### TASK TO COMPLETE
Leave the images out and repeat the data exactly as given.

### DATA EXTRACT
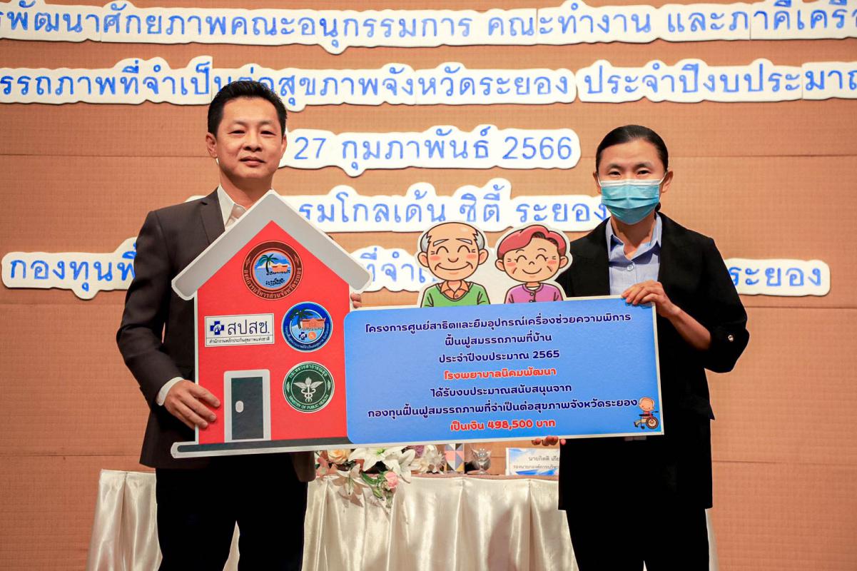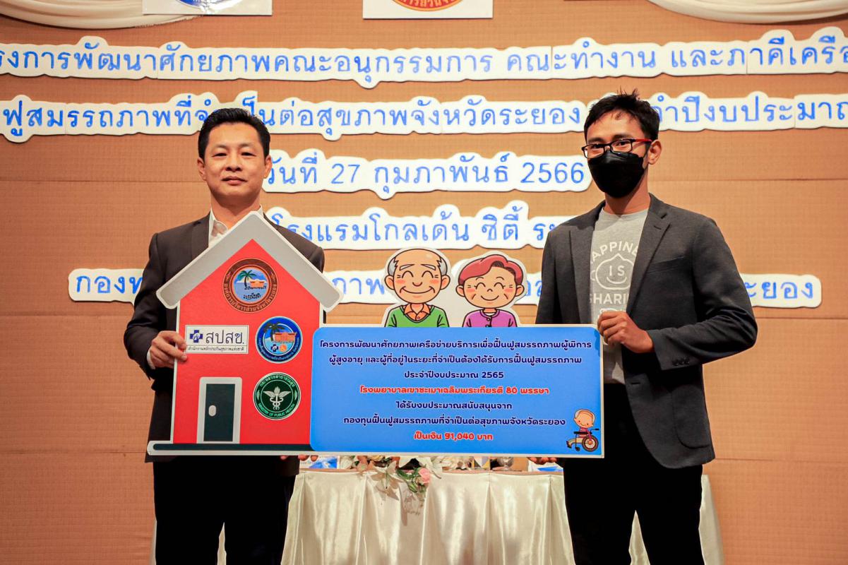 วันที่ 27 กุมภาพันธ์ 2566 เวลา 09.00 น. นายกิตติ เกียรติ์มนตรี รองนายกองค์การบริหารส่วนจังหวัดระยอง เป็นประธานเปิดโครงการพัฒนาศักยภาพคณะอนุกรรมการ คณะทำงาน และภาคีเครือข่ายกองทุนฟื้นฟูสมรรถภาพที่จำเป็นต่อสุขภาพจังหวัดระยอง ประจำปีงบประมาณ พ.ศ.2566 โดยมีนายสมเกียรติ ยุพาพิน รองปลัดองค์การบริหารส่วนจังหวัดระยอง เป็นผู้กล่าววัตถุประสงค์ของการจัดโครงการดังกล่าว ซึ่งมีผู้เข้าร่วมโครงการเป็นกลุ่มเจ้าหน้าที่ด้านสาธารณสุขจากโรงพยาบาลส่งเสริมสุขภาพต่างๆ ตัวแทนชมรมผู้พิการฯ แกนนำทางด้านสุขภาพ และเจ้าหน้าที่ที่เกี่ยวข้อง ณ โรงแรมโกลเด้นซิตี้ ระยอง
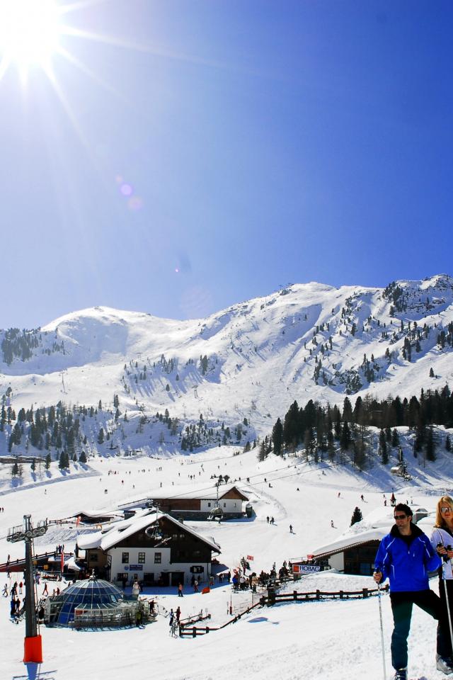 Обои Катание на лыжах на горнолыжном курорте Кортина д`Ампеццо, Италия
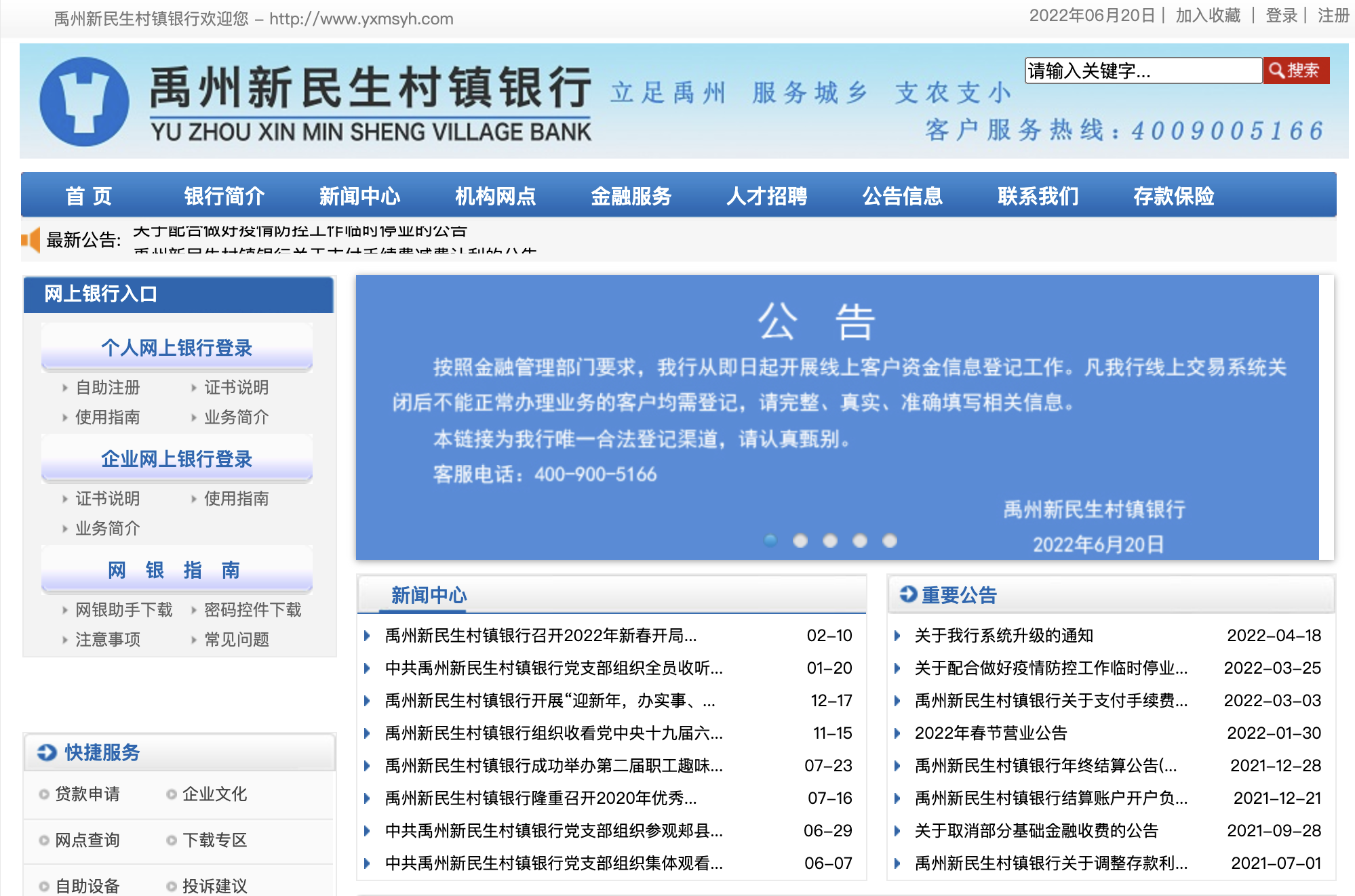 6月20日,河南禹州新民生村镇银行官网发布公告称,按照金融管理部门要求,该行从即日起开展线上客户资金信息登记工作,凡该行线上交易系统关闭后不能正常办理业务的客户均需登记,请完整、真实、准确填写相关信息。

### TASK ANSWER
 วันที่ 27 กุมภาพันธ์ 2566 เวลา 09.00 น. นายกิตติ เกียรติ์มนตรี รองนายกองค์การบริหารส่วนจังหวัดระยอง เป็นประธานเปิดโครงการพัฒนาศักยภาพคณะอนุกรรมการ คณะทำงาน และภาคีเครือข่ายกองทุนฟื้นฟูสมรรถภาพที่จำเป็นต่อสุขภาพจังหวัดระยอง ประจำปีงบประมาณ พ.ศ.2566 โดยมีนายสมเกียรติ ยุพาพิน รองปลัดองค์การบริหารส่วนจังหวัดระยอง เป็นผู้กล่าววัตถุประสงค์ของการจัดโครงการดังกล่าว ซึ่งมีผู้เข้าร่วมโครงการเป็นกลุ่มเจ้าหน้าที่ด้านสาธารณสุขจากโรงพยาบาลส่งเสริมสุขภาพต่างๆ ตัวแทนชมรมผู้พิการฯ แกนนำทางด้านสุขภาพ และเจ้าหน้าที่ที่เกี่ยวข้อง ณ โรงแรมโกลเด้นซิตี้ ระยอง
 Обои Катание на лыжах на горнолыжном курорте Кортина д`Ампеццо, Италия
 6月20日,河南禹州新民生村镇银行官网发布公告称,按照金融管理部门要求,该行从即日起开展线上客户资金信息登记工作,凡该行线上交易系统关闭后不能正常办理业务的客户均需登记,请完整、真实、准确填写相关信息。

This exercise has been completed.